## EXERCISE DIRECTIONS
Reproduce exactly the lines from the start of the records through the line containing "En el Gráfico", both included. Leave the pictures out.

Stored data
####################

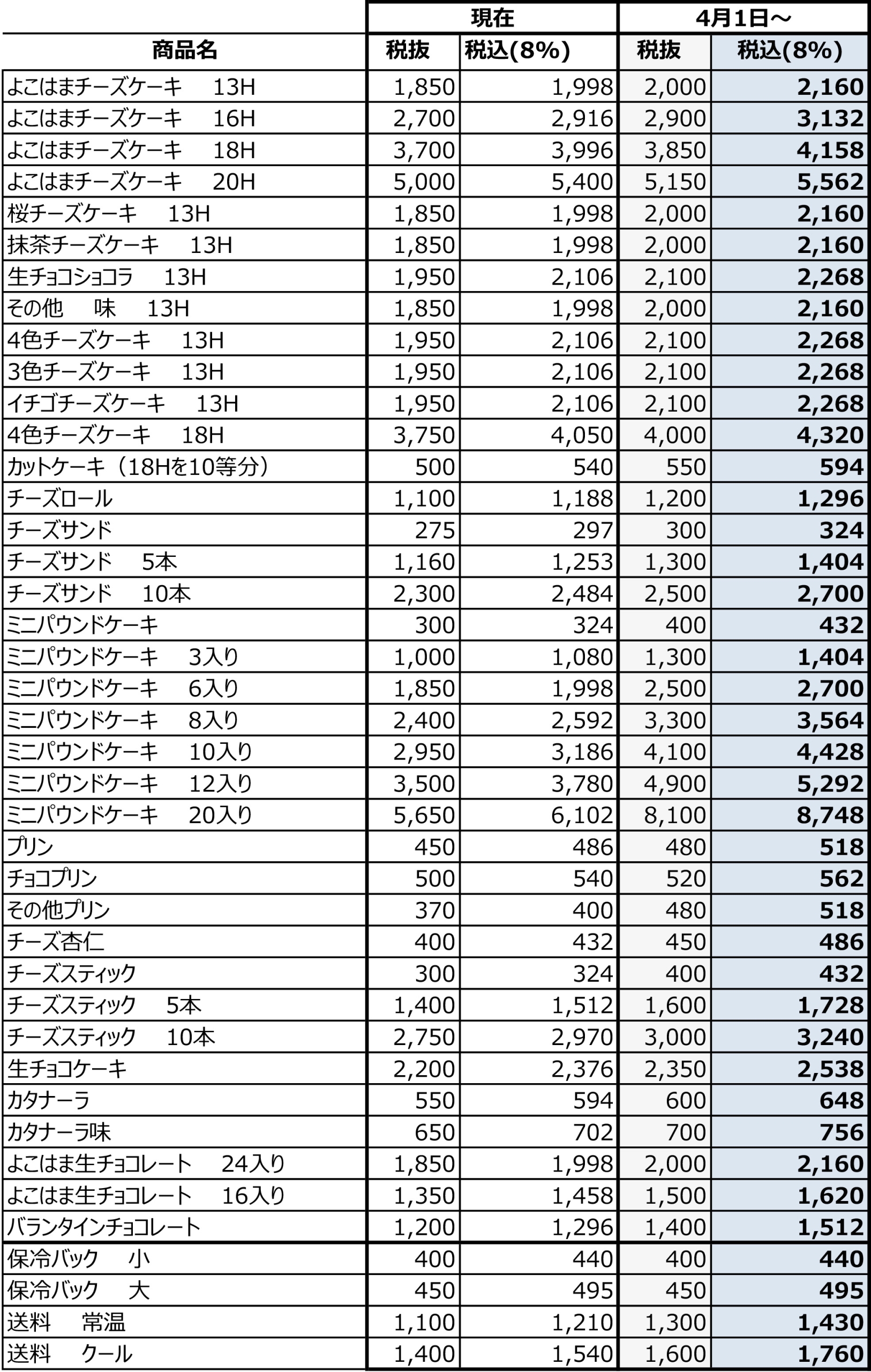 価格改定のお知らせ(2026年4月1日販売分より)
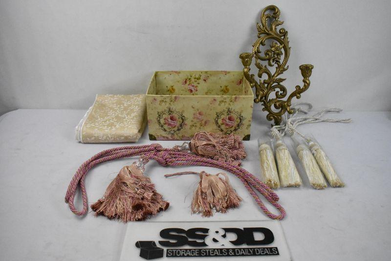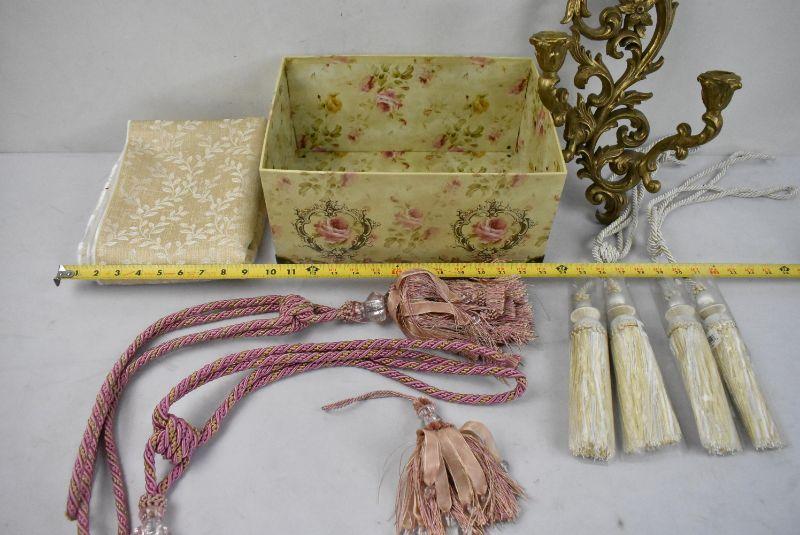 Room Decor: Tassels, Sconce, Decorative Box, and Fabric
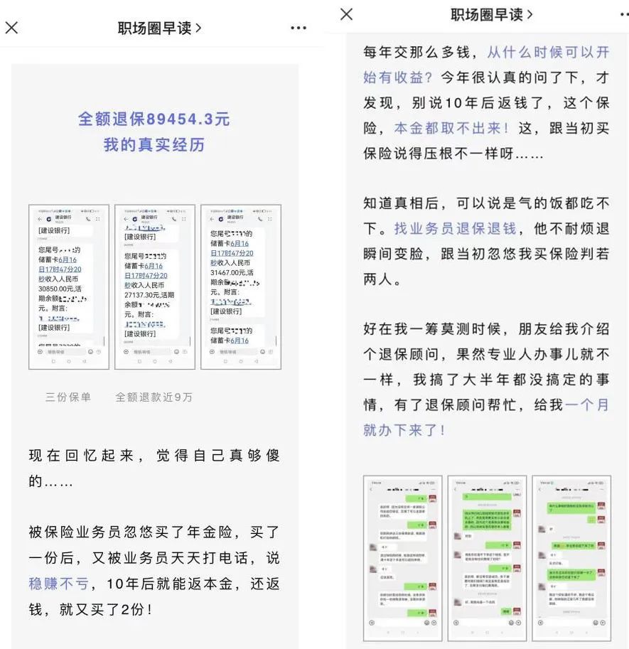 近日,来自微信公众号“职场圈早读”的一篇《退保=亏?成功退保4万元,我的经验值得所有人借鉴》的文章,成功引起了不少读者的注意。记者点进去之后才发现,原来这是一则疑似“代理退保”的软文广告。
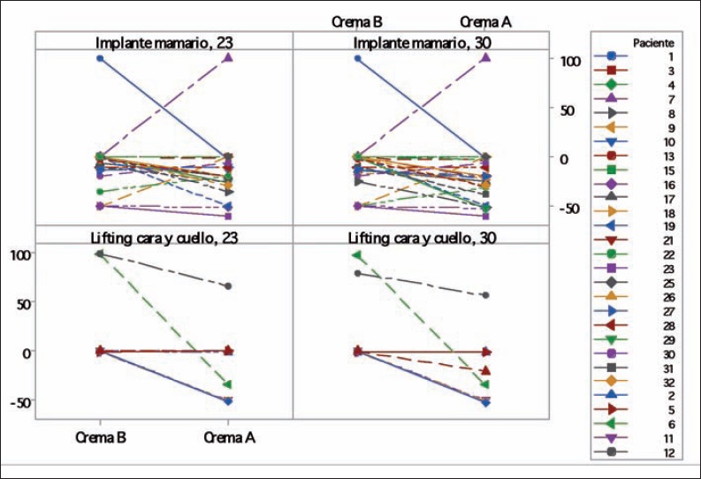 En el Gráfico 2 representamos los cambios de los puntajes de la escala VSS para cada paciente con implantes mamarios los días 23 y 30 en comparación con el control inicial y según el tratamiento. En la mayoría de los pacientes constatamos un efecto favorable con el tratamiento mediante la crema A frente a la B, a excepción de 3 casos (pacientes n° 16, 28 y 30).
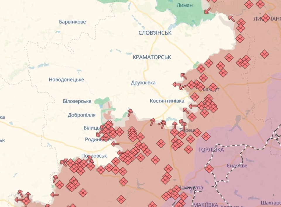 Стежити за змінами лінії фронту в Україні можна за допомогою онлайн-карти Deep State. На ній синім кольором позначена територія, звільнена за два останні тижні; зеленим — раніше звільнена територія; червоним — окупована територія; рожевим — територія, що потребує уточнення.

####################

## SOLVED EXERCISE
 価格改定のお知らせ(2026年4月1日販売分より)
 Room Decor: Tassels, Sconce, Decorative Box, and Fabric
 近日,来自微信公众号“职场圈早读”的一篇《退保=亏?成功退保4万元,我的经验值得所有人借鉴》的文章,成功引起了不少读者的注意。记者点进去之后才发现,原来这是一则疑似“代理退保”的软文广告。
 En el Gráfico 2 representamos los cambios de los puntajes de la escala VSS para cada paciente con implantes mamarios los días 23 y 30 en comparación con el control inicial y según el tratamiento. En la mayoría de los pacientes constatamos un efecto favorable con el tratamiento mediante la crema A frente a la B, a excepción de 3 casos (pacientes n° 16, 28 y 30).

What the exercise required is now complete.